Justin Trudeau is cobbling together a new national energy program. It is not the one that his father, Pierre, came up with in 1980. In many ways, it is the exact opposite.
But like the original NEP, the current prime minister’s as yet unformed and unnamed strategy is a comprehensive attempt to meet an array of national and political needs.
Pierre Trudeau’s original NEP was designed to protect Canadian energy consumers, particularly Ontario manufacturers, from sky-high oil prices.
In a nod to the economic nationalism of the time, it encouraged Canadian ownership in the oilfields.
And it allowed a deficit-ridden federal government to siphon off a portion of Alberta oil royalties.
It was bold, controversial and divisive. Albertans, who received below-market prices for their oil, hated it with a passion. Other Canadians, particularly those who benefitted from low gasoline and heating-oil prices, were more forgiving.
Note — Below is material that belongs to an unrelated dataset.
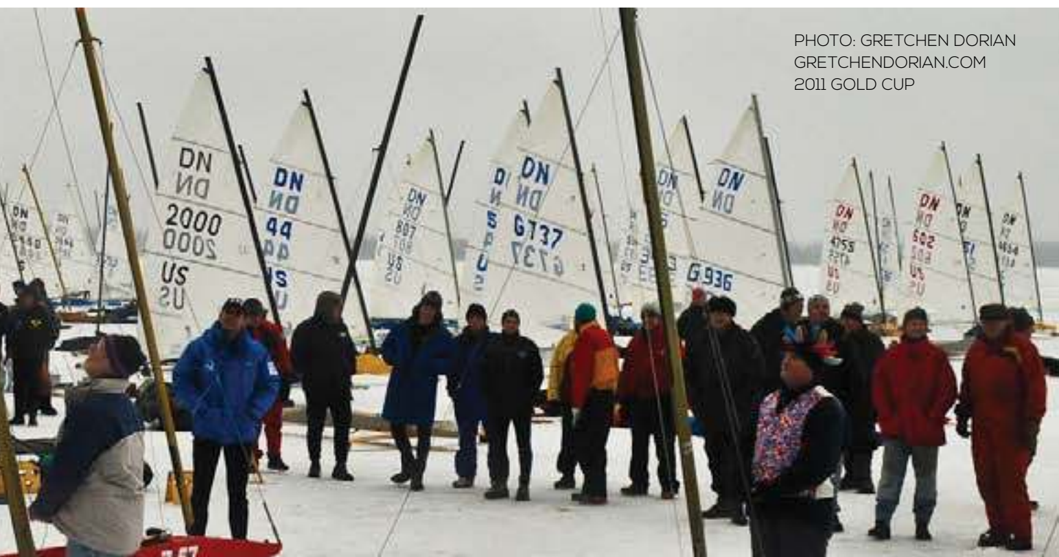
2011 GOLD CUP

Prizes shall be awarded in accordance with the IDNIYRA By-Laws.

By the mid-’80s, with world oil prices tumbling again, Canada’s first NEP was rendered largely redundant.
It is remembered today largely as a gigantic political mistake.
Justin Trudeau’s national energy program is still a work in progress, built on a document created by the provincial premiers last July called the Canadian Energy Strategy.
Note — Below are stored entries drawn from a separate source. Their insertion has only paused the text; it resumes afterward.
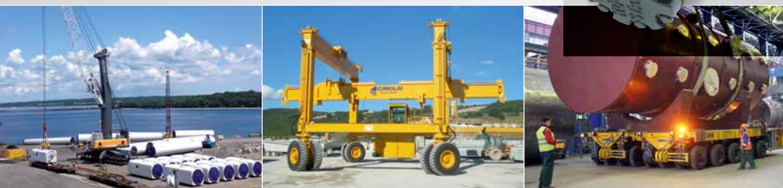
A few of our reference customers:
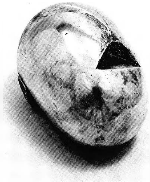
FIGURE 3. Constantin Brancusi, The First Cry , 1917 (cat. 58). Polished bronze, edition of three, L. 17.3 cm. The Art Gallery of Ontario.
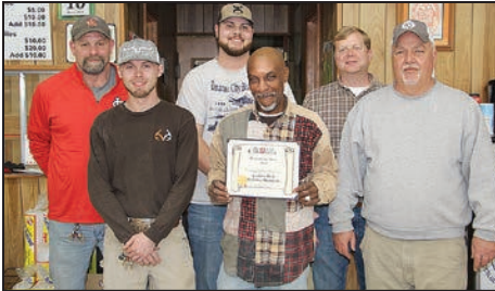
1st - Lashlee-Rich Building Materials 2nd - BR Supply 3rd - City Lumber Co. - Dyer

Like the premiers, Trudeau is attempting to link two conflicting aims.
The first is to support the beleaguered Western Canadian oil industry. If high world oil prices were the problem in 1980, low prices are the problem today.
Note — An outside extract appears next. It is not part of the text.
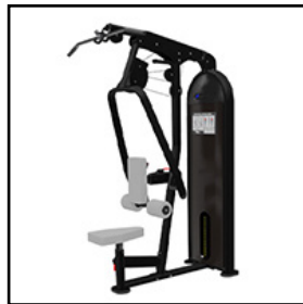
NAUTILUS INSTINCT® Dual Lat Pull Down/ Vertical Row

Hence the focus on pipelines. Pipelines, particularly pipelines that won’t be built for several years, can’t raise today’s price of oil.
But they can convince companies that investing in Alberta and Saskatchewan for future production is still worthwhile.
The second is the need to fight climate change. That’s a real imperative. If climate scientists are right, the world as we know it will not survive global warming.
But it is also a political imperative. The voters want government action.
To their credit, the premiers understand this. Their Canadian Energy Strategy recognizes that any expansion of oil production must, somehow, take into effect climate change.
Unfortunately, the premiers provided no formula for marrying these conflicting goals.
This is the task Trudeau appears to have set for himself.
What will Justin Trudeau’s national energy program look like? From what he has said both before and after becoming prime minister, three elements suggest themselves.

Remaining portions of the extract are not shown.